- Born: William Ti Jr. Tondo, Manila, Philippines
- Education: Bachelor’s degree in Architecture, University of Santo Tomas (2002); Master’s degree in Urban Design, National University of Singapore (2012);
- Occupation: Architect
- Years active: 2007–present
- Known for: Founder and Principal Architect of WTA Architecture and Design Studio; Creator of the Anthology Architecture and Design Festival;
- Notable work: Ferdinand E. Marcos Stadium; Horizon Manila; Pasig River Esplanade; The Book Stop Project;
- Awards: Archdaily Building of the Year - Sports; WAFX Overall Award; Ani ng Dangal Award;
- Website: https://www.wtadesignstudio.com/

= William Ti =

Filipino architect

William Ti is a Filipino architect, urban planner, and advocate of social architecture. He is the founder and principal architect of WTA Architecture and Design Studio, a firm known for its human-centered and sustainable design approach. Ti is also the founder of the Anthology Architecture and Design Festival, a platform that promotes architectural discourse in Southeast Asia.

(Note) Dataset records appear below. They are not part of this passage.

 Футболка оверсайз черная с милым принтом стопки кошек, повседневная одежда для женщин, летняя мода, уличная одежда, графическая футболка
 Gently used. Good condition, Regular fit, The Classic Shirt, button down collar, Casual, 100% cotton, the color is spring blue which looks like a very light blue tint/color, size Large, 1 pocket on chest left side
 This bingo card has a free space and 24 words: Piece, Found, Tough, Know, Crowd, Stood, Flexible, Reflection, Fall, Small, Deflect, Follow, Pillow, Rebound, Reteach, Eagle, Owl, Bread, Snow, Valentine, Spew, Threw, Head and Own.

== Early life and education ==
William Ti Jr. was born and raised in Tondo, Manila, where he developed an appreciation for the social and personal scale of urban spaces. His early exposure to city life influenced his architectural philosophy, particularly his focus on how spaces foster interaction and community engagement. As a child, Ti was an avid comic book enthusiast, drawing inspiration from Spider-Man comics to sketch cityscapes and buildings. His love for reading extended to fantasy and fiction novels, fueling his imagination and deepening his interest in design. Ti earned his bachelor's degree in architecture from the University of Santo Tomas (UST) in 2002. He later pursued a master's degree in urban design at the National University of Singapore (NUS), which he completed in 2012.

== Career ==

=== WTA Architecture and Design Studio ===
In 2007, William Ti founded WTA Architecture and Design Studio, a Manila-based firm specializing in urban planning, architecture, and commercial development. WTA is ranked one of Top 10 Architectural Firms in the Philippines by BCI Asia and World Architecture 100 Firms.

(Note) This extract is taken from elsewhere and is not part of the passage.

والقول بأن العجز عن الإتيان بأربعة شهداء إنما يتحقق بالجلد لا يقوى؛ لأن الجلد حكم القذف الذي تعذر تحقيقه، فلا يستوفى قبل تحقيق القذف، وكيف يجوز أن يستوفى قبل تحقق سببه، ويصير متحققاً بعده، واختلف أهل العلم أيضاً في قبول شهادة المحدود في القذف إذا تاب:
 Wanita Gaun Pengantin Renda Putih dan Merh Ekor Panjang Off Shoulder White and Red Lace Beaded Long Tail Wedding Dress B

The studio is known for social architecture, a philosophy that prioritizes human-centered and sustainable design solutions.

In 2020, Ti expanded WTA's presence by opening an office in Shenzhen, China, aiming to establish a Philippine-based design firm as a major regional and global player.

=== Anthology Architecture and Design Festival ===
In 2016, Ti launched the Anthology Architecture and Design Festival, an annual event that gathers architects, designers, and urban planners to discuss contemporary issues in architecture and urbanism. The festival has since become a premier platform for architectural discourse in Southeast Asia.

== Notable projects ==

- Ferdinand E. Marcos Stadium – A 12,000 capacity stadium that pioneers an open stadium park concept.
- The Book Stop Project – A network of microlibraries that is completely free and open to the public.
- Pasig River Esplanade – A rehabilitation project of the 26 km Pasig River that runs through the middle of Metro Manila.
- BSP Security Plant Complex – Award-winning bank office building design.
- Horizon Manila – A large-scale urban reclamation project aimed at redefining Manila's waterfront.
- Emergency Quarantine Facilities (EQF) – A rapid-response COVID-19 facility that gained international recognition.

== Awards and recognition ==

- Archdaily Building of the Year (2025) – Ferdinand E. Marcos Stadium - Sports Category.
- Outstanding Professional of the Year Award (2023) – Awarded by the Philippine Regulation Commission - Architecture category
- Ani ng Dangal Award (2022/2023) – An annual award given by the National Commission for Culture and the Arts to honor Filipino artists and talent.
- Silver A’ Design Award (2022) – Architecture, Building, and Structure Design Category.
- B1M Construction Story of the Year (2021) – For Emergency Quarantine Facilities.
- WAFX Award (2021) – Overall Winner for the Horizon Manila project.
- Architizer A+ Award (2017) – The Bookstop Project - Jury and People's Choice Award - Institutional - Libraries.